*** Opening Records shown ***
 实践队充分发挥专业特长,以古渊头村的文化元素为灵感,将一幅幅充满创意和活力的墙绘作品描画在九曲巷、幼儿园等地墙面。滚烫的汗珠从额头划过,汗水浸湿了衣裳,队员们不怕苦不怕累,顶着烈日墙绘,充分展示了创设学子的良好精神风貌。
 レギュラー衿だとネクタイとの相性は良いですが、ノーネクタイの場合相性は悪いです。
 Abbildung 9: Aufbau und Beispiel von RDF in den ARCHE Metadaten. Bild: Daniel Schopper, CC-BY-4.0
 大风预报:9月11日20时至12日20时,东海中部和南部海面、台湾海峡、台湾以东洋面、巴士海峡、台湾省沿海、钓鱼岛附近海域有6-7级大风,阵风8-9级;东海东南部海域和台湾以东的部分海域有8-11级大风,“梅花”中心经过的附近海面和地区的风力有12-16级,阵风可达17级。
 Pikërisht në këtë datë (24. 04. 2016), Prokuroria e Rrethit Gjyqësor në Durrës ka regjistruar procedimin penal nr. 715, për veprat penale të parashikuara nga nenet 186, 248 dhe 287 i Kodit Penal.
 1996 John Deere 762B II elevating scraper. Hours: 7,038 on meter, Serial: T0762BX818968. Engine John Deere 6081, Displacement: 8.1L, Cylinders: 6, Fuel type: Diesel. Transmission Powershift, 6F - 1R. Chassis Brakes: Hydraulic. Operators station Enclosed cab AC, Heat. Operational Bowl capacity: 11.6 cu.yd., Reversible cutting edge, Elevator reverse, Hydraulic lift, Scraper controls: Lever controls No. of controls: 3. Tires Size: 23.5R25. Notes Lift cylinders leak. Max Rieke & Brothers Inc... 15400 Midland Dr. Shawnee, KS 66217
*** Closing Records shown ***
*** Opening Records shown ***
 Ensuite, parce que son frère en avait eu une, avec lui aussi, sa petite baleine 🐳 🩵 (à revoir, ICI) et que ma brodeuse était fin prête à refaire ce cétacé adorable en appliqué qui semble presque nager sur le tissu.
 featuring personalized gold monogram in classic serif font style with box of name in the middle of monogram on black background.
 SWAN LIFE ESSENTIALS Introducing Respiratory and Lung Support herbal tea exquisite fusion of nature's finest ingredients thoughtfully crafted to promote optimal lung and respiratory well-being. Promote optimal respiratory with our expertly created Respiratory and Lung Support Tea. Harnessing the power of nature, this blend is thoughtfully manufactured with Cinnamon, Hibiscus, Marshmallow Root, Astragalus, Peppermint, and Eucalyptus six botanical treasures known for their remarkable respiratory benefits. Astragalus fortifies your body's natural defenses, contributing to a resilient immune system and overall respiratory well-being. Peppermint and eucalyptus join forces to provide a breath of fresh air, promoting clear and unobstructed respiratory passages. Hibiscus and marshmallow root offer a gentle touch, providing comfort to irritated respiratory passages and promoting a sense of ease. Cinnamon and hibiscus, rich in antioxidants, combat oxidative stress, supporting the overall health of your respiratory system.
*** Closing Records shown ***
*** Opening Records shown ***
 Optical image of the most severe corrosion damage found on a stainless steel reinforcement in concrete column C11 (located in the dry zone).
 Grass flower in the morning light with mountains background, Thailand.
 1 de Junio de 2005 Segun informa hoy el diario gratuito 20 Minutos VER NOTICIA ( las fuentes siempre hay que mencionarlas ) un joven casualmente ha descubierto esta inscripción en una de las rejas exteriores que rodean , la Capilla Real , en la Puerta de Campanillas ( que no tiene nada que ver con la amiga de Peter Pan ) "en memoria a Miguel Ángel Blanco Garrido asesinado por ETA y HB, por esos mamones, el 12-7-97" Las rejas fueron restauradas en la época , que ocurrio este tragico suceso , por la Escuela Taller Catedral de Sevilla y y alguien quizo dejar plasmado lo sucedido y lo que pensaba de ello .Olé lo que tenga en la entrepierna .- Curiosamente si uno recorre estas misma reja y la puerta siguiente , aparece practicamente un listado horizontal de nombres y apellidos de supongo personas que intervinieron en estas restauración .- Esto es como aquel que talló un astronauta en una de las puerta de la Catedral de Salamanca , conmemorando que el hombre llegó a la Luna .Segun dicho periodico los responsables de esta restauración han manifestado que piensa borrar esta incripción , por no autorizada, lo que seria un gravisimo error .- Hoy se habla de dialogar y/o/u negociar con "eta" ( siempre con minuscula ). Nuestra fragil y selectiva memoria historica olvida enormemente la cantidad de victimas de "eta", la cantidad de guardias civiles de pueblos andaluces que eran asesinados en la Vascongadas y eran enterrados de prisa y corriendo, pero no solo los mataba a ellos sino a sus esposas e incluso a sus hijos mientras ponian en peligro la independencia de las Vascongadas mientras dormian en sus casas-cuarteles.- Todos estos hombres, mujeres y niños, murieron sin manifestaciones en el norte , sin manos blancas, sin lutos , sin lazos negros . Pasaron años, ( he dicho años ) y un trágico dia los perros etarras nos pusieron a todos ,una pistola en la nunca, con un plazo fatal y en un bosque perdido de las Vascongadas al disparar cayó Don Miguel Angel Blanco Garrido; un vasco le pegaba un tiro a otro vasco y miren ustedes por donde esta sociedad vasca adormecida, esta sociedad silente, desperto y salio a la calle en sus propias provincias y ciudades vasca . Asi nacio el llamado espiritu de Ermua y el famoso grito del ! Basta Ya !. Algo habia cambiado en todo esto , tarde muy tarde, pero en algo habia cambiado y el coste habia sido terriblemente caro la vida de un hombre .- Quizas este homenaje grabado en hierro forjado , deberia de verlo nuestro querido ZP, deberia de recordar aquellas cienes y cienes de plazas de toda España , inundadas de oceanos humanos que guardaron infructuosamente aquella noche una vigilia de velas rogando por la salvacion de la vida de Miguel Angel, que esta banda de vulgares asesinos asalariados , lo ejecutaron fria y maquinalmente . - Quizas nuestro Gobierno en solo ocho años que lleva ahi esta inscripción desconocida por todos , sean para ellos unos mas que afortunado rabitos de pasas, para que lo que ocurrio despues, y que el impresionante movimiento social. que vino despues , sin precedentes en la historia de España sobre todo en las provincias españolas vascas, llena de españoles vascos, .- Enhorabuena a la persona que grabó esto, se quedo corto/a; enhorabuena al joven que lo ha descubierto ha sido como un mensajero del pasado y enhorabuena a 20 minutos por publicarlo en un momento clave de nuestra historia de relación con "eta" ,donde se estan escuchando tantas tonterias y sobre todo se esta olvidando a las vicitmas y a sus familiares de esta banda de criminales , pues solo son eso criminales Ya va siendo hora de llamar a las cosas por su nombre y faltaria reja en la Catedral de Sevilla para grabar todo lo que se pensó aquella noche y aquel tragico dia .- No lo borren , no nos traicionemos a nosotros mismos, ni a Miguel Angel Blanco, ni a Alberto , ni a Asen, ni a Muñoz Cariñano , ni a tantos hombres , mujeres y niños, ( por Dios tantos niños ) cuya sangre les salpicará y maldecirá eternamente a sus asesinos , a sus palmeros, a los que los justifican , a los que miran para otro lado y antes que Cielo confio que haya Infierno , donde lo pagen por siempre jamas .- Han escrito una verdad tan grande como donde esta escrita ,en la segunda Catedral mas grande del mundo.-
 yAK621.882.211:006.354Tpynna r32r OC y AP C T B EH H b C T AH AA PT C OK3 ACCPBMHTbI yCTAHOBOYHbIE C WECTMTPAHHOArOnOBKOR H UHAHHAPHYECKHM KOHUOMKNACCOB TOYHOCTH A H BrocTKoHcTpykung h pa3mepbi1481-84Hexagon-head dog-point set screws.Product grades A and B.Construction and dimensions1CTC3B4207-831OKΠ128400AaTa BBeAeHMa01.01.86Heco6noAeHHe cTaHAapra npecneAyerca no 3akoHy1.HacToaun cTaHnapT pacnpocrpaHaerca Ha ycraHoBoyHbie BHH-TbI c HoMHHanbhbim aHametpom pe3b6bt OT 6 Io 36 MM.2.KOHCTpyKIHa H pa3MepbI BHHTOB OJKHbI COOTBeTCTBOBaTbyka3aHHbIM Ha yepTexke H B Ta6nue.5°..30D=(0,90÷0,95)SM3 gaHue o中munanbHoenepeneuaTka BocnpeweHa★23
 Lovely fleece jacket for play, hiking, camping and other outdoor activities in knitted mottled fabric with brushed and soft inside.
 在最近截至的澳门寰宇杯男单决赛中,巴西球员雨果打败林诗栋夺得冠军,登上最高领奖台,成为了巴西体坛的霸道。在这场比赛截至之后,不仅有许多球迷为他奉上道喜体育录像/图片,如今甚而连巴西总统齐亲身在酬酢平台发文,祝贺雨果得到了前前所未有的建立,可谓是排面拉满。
*** Closing Records shown ***
■ **Exercise brief**: Would you print exactly, and only, the lines of the data above from the line with "大风预报:9月11日20时至" through the line with "Pikërisht në këtë", inclusive?

■ **Your solution**:
 大风预报:9月11日20时至12日20时,东海中部和南部海面、台湾海峡、台湾以东洋面、巴士海峡、台湾省沿海、钓鱼岛附近海域有6-7级大风,阵风8-9级;东海东南部海域和台湾以东的部分海域有8-11级大风,“梅花”中心经过的附近海面和地区的风力有12-16级,阵风可达17级。
 Pikërisht në këtë datë (24. 04. 2016), Prokuroria e Rrethit Gjyqësor në Durrës ka regjistruar procedimin penal nr. 715, për veprat penale të parashikuara nga nenet 186, 248 dhe 287 i Kodit Penal.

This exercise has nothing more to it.